Returns { anomaly: null } if no anomaly records exist.

GET /anomaly/history query parameters:

• from (optional) — ISO date string, inclusive start
• to (optional) — ISO date string, inclusive end
• If neither provided, returns last 30 rows

GET /bu-changes response:

{
  "changes": [
    {
      "id": 1,
      "finding_id": "2687687777",
      "finding_title": "OpenSSH regreSSHion",
      "host_name": "syn-098-120-000-078",
      "previous_bu": "NTS-AEO-STEAM",
      "new_bu": "SDIT-CSD-ITLS-PIES",
      "detected_at": "2026-04-24T12:00:00"
    }
  ]
}

GET /:findingId/bu-history response:

{
  "finding_id": "2687687777",
  "history": [
    {
      "previous_bu": "NTS-AEO-STEAM",
      "new_bu": "SDIT-CSD-ITLS-PIES",
      "detected_at": "2026-04-24T12:00:00"
    }
  ]
}

5. Anomaly Banner Component (AnomalyBanner.js)

A new React component placed in frontend/src/components/pages/AnomalyBanner.js, rendered on the Vulnerability Triage page above the IvantiCountsChart.

Props: None — fetches its own data from /api/ivanti/findings/anomaly/latest.

Behavior:

1. On mount, fetch the latest anomaly summary.
2. If is_significant is false or no anomaly exists, render nothing.
3. If is_significant is true, render a warning banner with:
   • Amber background tint (rgba(245, 158, 11, 0.15)) with amber border (rgba(245, 158, 11, 0.3))
   • AlertTriangle icon from lucide-react
   • Summary text: "45 findings archived — 38 BU reassignment, 5 severity drift, 2 decommissioned"
   • Expandable detail section (click to toggle) showing affected findings grouped by classification
   • Dismiss button (X icon) that hides the banner for the current session via useState
4. Uses monospace typography and dark theme colors per DESIGN_SYSTEM.md.

Session dismiss: Uses React state only — no localStorage.

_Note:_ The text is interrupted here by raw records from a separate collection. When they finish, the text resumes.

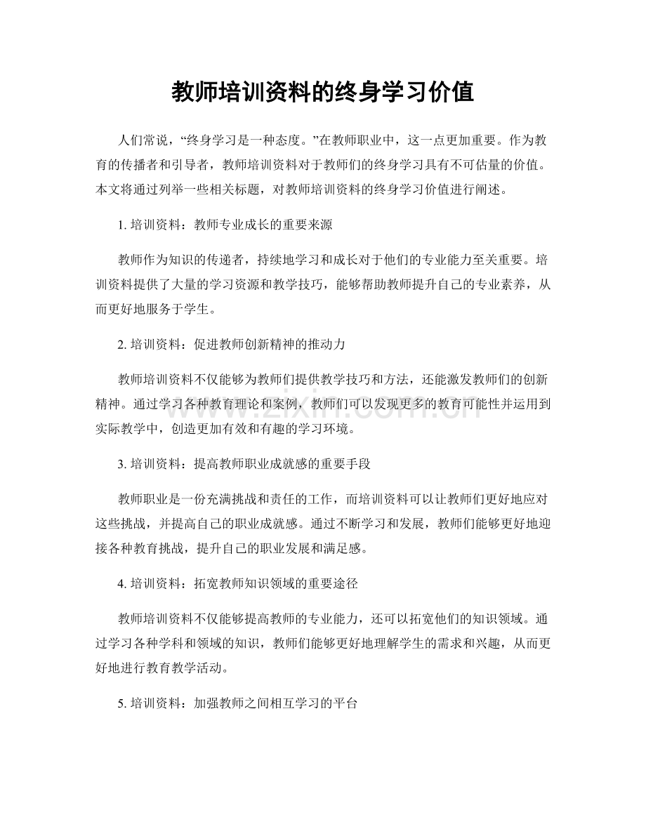 综上所述,教师培训资料对于教师们的终身学习具有不可估量的价值。它不仅可以提供专业知识和教学技巧,促进教师的成长和创新,还可以拓宽教师的知识领域,加强教师之间的相互学习和合作。通过培养教师的自主学习能力和习惯,提升对教育改革的理解和应对能力,教师培训资料为教师们在职业生涯中发展和进步提供了重要的支持和帮助。因此,教师们应该充分利用培训资料,实现终身学习的价值。
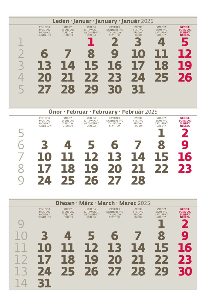 Stolní tříměsíční mini kalendář.
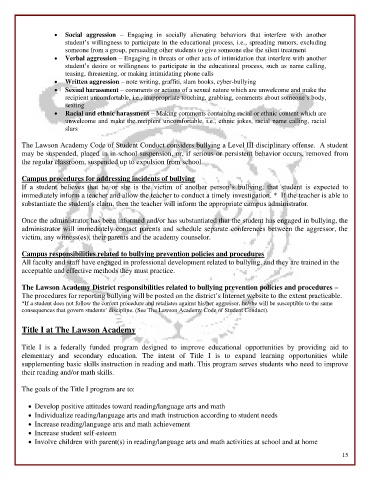 The Lawson Academy District responsibilities related to bullying prevention policies and procedures –

The banner reappears on page reload, which is appropriate since the anomaly data persists until the next sync produces a non-significant result.

stateDiagram-v2
    [*] --> Loading: Component mounts
    Loading --> Hidden: No anomaly or not significant
    Loading --> Visible: Significant anomaly
    Visible --> Expanded: Click breakdown text
    Expanded --> Visible: Click breakdown text
    Visible --> Dismissed: Click dismiss
    Expanded --> Dismissed: Click dismiss
    Dismissed --> [*]

6. Migration Script

Located at backend/migrations/add_sync_anomaly_tables.js. Uses the same pattern as existing migrations (add_closed_gone_state.js): standalone Node script, opens the database directly, uses CREATE TABLE IF NOT EXISTS and CREATE INDEX IF NOT EXISTS for idempotency.

---

Data Models

New Table: ivanti_sync_anomaly_log

Stores one row per sync cycle with the anomaly summary.

Column	Type	Constraints	Description
id	INTEGER	PRIMARY KEY AUTOINCREMENT	Unique row identifier
sync_timestamp	DATETIME	NOT NULL DEFAULT CURRENT_TIMESTAMP	When the sync completed
open_count_delta	INTEGER	NOT NULL DEFAULT 0	Current open count minus previous open count
closed_count_delta	INTEGER	NOT NULL DEFAULT 0	Current closed count minus previous closed count
newly_archived_count	INTEGER	NOT NULL DEFAULT 0	Number of findings archived in this sync
returned_count	INTEGER	NOT NULL DEFAULT 0	Number of findings that returned in this sync
classification_json	TEXT	NOT NULL DEFAULT '{}'	JSON object: { bu_reassignment, severity_drift, closed_on_platform, decommissioned }
is_significant	INTEGER	NOT NULL DEFAULT 0	1 if newly_archived_count > 5, else 0
created_at	DATETIME	DEFAULT CURRENT_TIMESTAMP	Row creation timestamp

Indexes:

• idx_anomaly_sync_timestamp on sync_timestamp — for efficient latest-record and date-range queries

New Table: ivanti_finding_bu_history

Stores BU change events detected during sync.

Column	Type	Constraints	Description
id	INTEGER	PRIMARY KEY AUTOINCREMENT	Unique row identifier
finding_id	TEXT	NOT NULL	Ivanti finding identifier
finding_title	TEXT	NOT NULL DEFAULT ''	Finding title at time of detection
host_name	TEXT	NOT NULL DEFAULT ''	Host name at time of detection
previous_bu	TEXT	NOT NULL	BU value from previous sync
new_bu	TEXT	NOT NULL	BU value from current sync
detected_at	DATETIME	NOT NULL DEFAULT CURRENT_TIMESTAMP	When the change was detected
created_at	DATETIME	DEFAULT CURRENT_TIMESTAMP	Row creation timestamp

Indexes:

• idx_bu_history_finding_id on finding_id — for per-finding history lookups
• idx_bu_history_detected_at on detected_at — for chronological queries

Modified: ivanti_archive_transitions.reason field

No schema change needed — the reason column is already TEXT NOT NULL DEFAULT ''. The change is in the values written:

Previous values	New values
severity_score_drift	bu_reassignment:<new_bu>
reappeared_in_sync	severity_drift:<new_severity>
remediated_in_ivanti	closed_on_platform
disappeared_from_closed_set	decommissioned

Existing rows with severity_score_drift are not modified — the enhanced reasons apply only to transitions created after deployment.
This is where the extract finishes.